The answer must be an exact printing of every record below, with the pictures omitted.

START Entries supplied

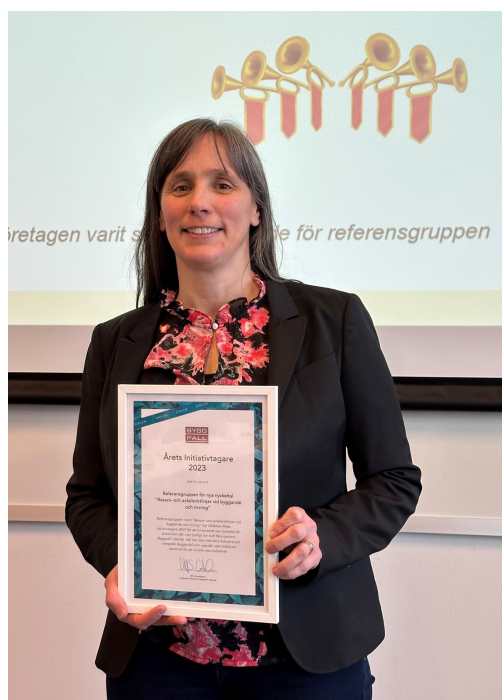
Elisabet Höglund tog emot utmärkelsen Årets Initiativtagare.
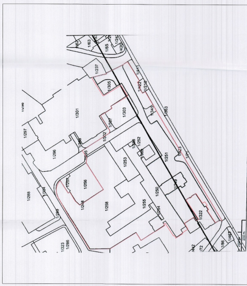
POZICIONI KADASTRAL SHK. 1:750
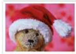
45 SANTA ROJO
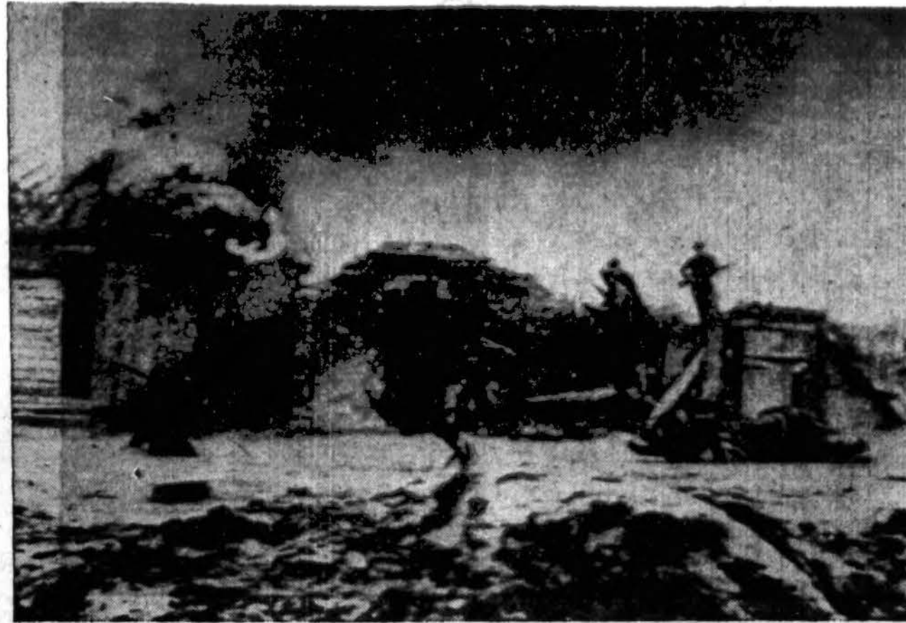
Rusų partizanai paėmė iš nacių — vengrų rusų kaimą. Čia matome kovos vaizdą.
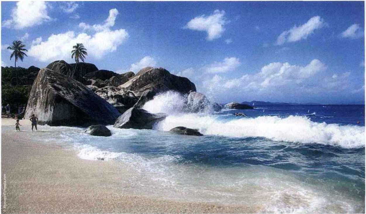
Classé parc national, le site des Baths, à Virgin Gorda, est l'un des lieux les plus touristiques de l'archipel. Les visiteurs y découvrent un amoncellement de blocs de granit, certains pouvant atteindre 12 m de haut, formant un labyrinthe de grottes, piscines naturelles et criques intimes.
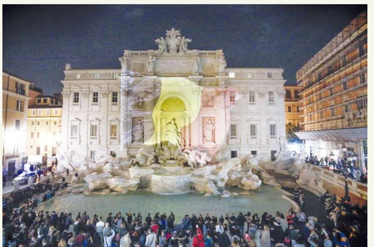
La fontana di Trevi a Roma illuminata con i colori della bandiera belga martedì scorso - tributo alle vittime degli attacchi terroristici a Bruxelles che ha lasciato almeno 31 persone morte.

un borsone ed è andato via. Il borsone conteneva la carica esplosiva più potente". Il quadro delle indagini, al momento, è questo: ci sono due attentatori suicidi, due fratelli belgi, identificati. Il maggiore, Ibrahim El Bakraoui, che avrebbe compiuto trent'anni il prossimo 9 ottobre, si è fatto esplodere in aeroporto. Il minore, Khalid, 27 anni compiuti da poco, ha colpito la stazione della metropolitana di Maelbeek. Un minuto di silenzio è stato osservato mercoledì scorso nell'atrio al piano terra di palazzo Berlaymont, sede della Commissione Europea, in memoria delle vittime degli attentati che hanno colpito il giorno precedente l'aeroporto di Bruxelles Zaventem e la stazione della metropolitana di Maelbeek. In prima fila, il presidente della Commissione Europea Jean-Claude Juncker, il re dei Belgi Philippe e la regina Mathilde, il primo ministro belga Charles Michel e il primo ministro francese Manuel Valls. /edr/ps
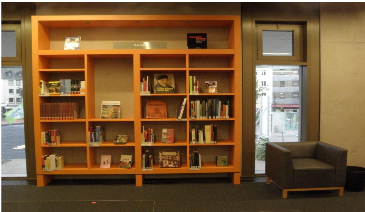
Estantería y butaca.

arquitectónicamente ambiciosa terminal de autobuses y por el Heinrich von Kleist Forum. Hay otras dos instituciones que comparten el complejo, el centro de educación de adultos y un colegio privado de logística y economía de la energía. Un espacioso hall de entrada con una cafetería, un auditorio y la oficina de información del centro de educación de adultos hace visible el carácter multifuncional del edificio. La entrada principal de la biblioteca se encuentra también en esta área. Se trata de un atrio con un techo de cristal. El visitante percibe los cuatro pisos de la biblioteca a primera vista.
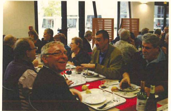
Ca va mieux
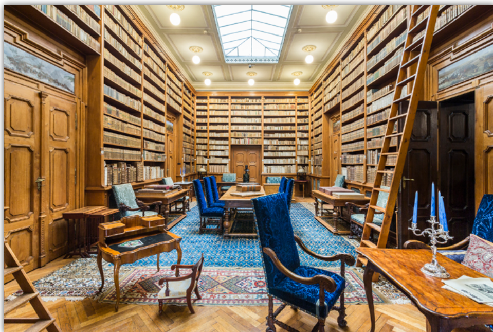
Obr. 1 Interiér knižnice Andrassyovcov v betliarskom kaštieli Téma exlibrisu a vlastníckych knižných značiek
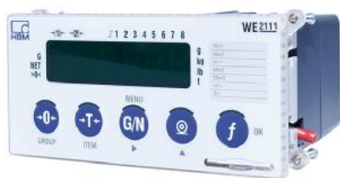
WE2111 (HBM) № 61808-15
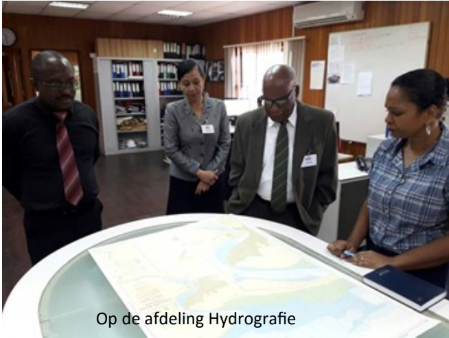
Op de afdeling Hydrografie
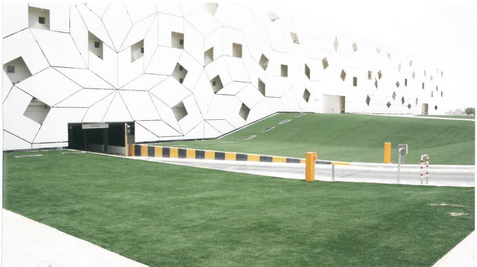
商業施設の人工芝施工イメージです。オシャレな商業施設のエクステリアには緑が大切です。芝の広場でお客様がくつろぐ姿が想像できますね。
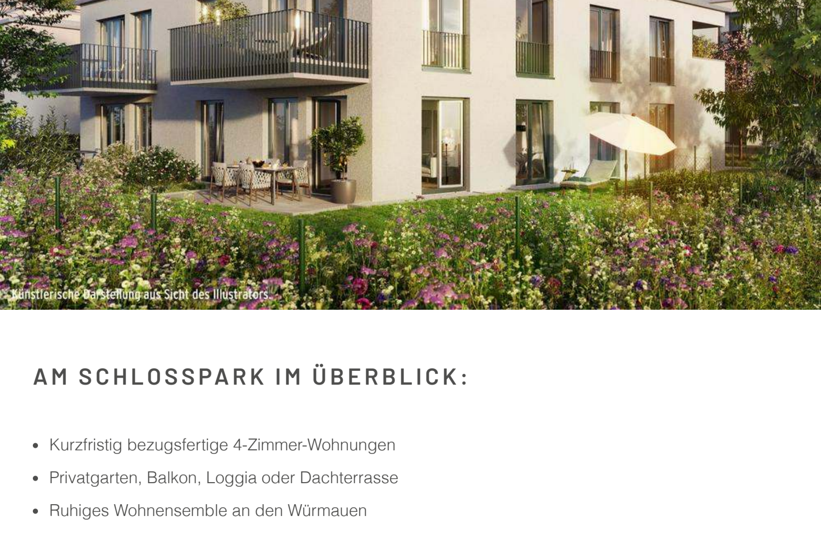
Künstlerische Darstellung aus Sicht des Illustrators

Mit ca. 20.000 Einwohnern hat Gauting zudem die perfekte Gemeindegröße, um alle Dinge des täglichen Lebens abzudecken. Flächendeckende Versorgung mit Ärzten, Apotheken, einer renommierten Lungenklinik vor Ort, knapp 20 Kitas und Kindergärten und fast genauso viele private und staatliche Schulen.
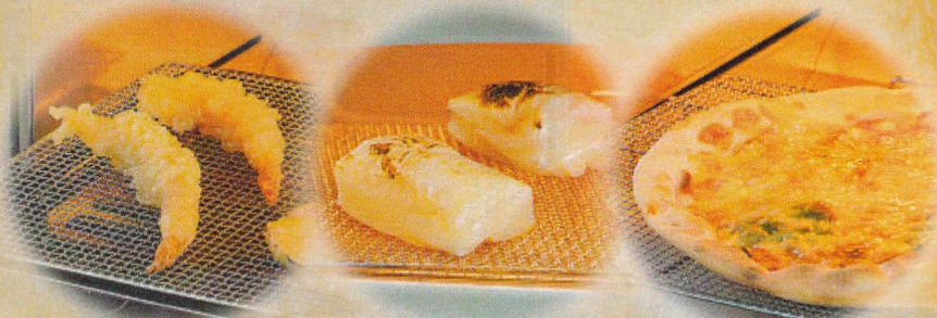
天ぷらをサクサクに温める
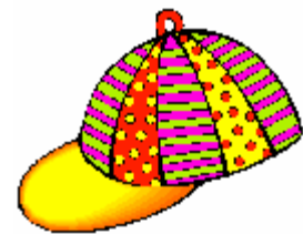
Une casquette .....
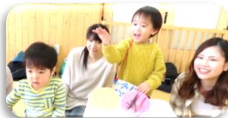
お店屋さんごっこ
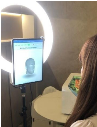
【パーソナライズドシートマスク作成イメージ】

株式会社コーセー(本社:東京都中央区、代表取締役社長:小林 一俊)は、当社のコンセプトストア「Maison KOSÉ」において、12月のコンセプトストアオープン以来、初めての追加となるデジタルを活用した最先端の“ビューティアトラクション”を導入します。3D スキャンによる個々人の顔型に合わせたシートマスクの提供と、ブローバーにて画像解析による毛髪診断システムの実証実験およびスタイリストによるカウンセリングと施術を展開します。

END Entries supplied

_Answer box_.
Elisabet Höglund tog emot utmärkelsen Årets Initiativtagare.
POZICIONI KADASTRAL SHK. 1:750
45 SANTA ROJO
Rusų partizanai paėmė iš nacių — vengrų rusų kaimą. Čia matome kovos vaizdą.
Classé parc national, le site des Baths, à Virgin Gorda, est l'un des lieux les plus touristiques de l'archipel. Les visiteurs y découvrent un amoncellement de blocs de granit, certains pouvant atteindre 12 m de haut, formant un labyrinthe de grottes, piscines naturelles et criques intimes.
La fontana di Trevi a Roma illuminata con i colori della bandiera belga martedì scorso - tributo alle vittime degli attacchi terroristici a Bruxelles che ha lasciato almeno 31 persone morte.

un borsone ed è andato via. Il borsone conteneva la carica esplosiva più potente". Il quadro delle indagini, al momento, è questo: ci sono due attentatori suicidi, due fratelli belgi, identificati. Il maggiore, Ibrahim El Bakraoui, che avrebbe compiuto trent'anni il prossimo 9 ottobre, si è fatto esplodere in aeroporto. Il minore, Khalid, 27 anni compiuti da poco, ha colpito la stazione della metropolitana di Maelbeek. Un minuto di silenzio è stato osservato mercoledì scorso nell'atrio al piano terra di palazzo Berlaymont, sede della Commissione Europea, in memoria delle vittime degli attentati che hanno colpito il giorno precedente l'aeroporto di Bruxelles Zaventem e la stazione della metropolitana di Maelbeek. In prima fila, il presidente della Commissione Europea Jean-Claude Juncker, il re dei Belgi Philippe e la regina Mathilde, il primo ministro belga Charles Michel e il primo ministro francese Manuel Valls. /edr/ps
Estantería y butaca.

arquitectónicamente ambiciosa terminal de autobuses y por el Heinrich von Kleist Forum. Hay otras dos instituciones que comparten el complejo, el centro de educación de adultos y un colegio privado de logística y economía de la energía. Un espacioso hall de entrada con una cafetería, un auditorio y la oficina de información del centro de educación de adultos hace visible el carácter multifuncional del edificio. La entrada principal de la biblioteca se encuentra también en esta área. Se trata de un atrio con un techo de cristal. El visitante percibe los cuatro pisos de la biblioteca a primera vista.
Ca va mieux
Obr. 1 Interiér knižnice Andrassyovcov v betliarskom kaštieli Téma exlibrisu a vlastníckych knižných značiek
WE2111 (HBM) № 61808-15
Op de afdeling Hydrografie
商業施設の人工芝施工イメージです。オシャレな商業施設のエクステリアには緑が大切です。芝の広場でお客様がくつろぐ姿が想像できますね。
Künstlerische Darstellung aus Sicht des Illustrators

Mit ca. 20.000 Einwohnern hat Gauting zudem die perfekte Gemeindegröße, um alle Dinge des täglichen Lebens abzudecken. Flächendeckende Versorgung mit Ärzten, Apotheken, einer renommierten Lungenklinik vor Ort, knapp 20 Kitas und Kindergärten und fast genauso viele private und staatliche Schulen.
天ぷらをサクサクに温める
Une casquette .....
お店屋さんごっこ
【パーソナライズドシートマスク作成イメージ】

株式会社コーセー(本社:東京都中央区、代表取締役社長:小林 一俊)は、当社のコンセプトストア「Maison KOSÉ」において、12月のコンセプトストアオープン以来、初めての追加となるデジタルを活用した最先端の“ビューティアトラクション”を導入します。3D スキャンによる個々人の顔型に合わせたシートマスクの提供と、ブローバーにて画像解析による毛髪診断システムの実証実験およびスタイリストによるカウンセリングと施術を展開します。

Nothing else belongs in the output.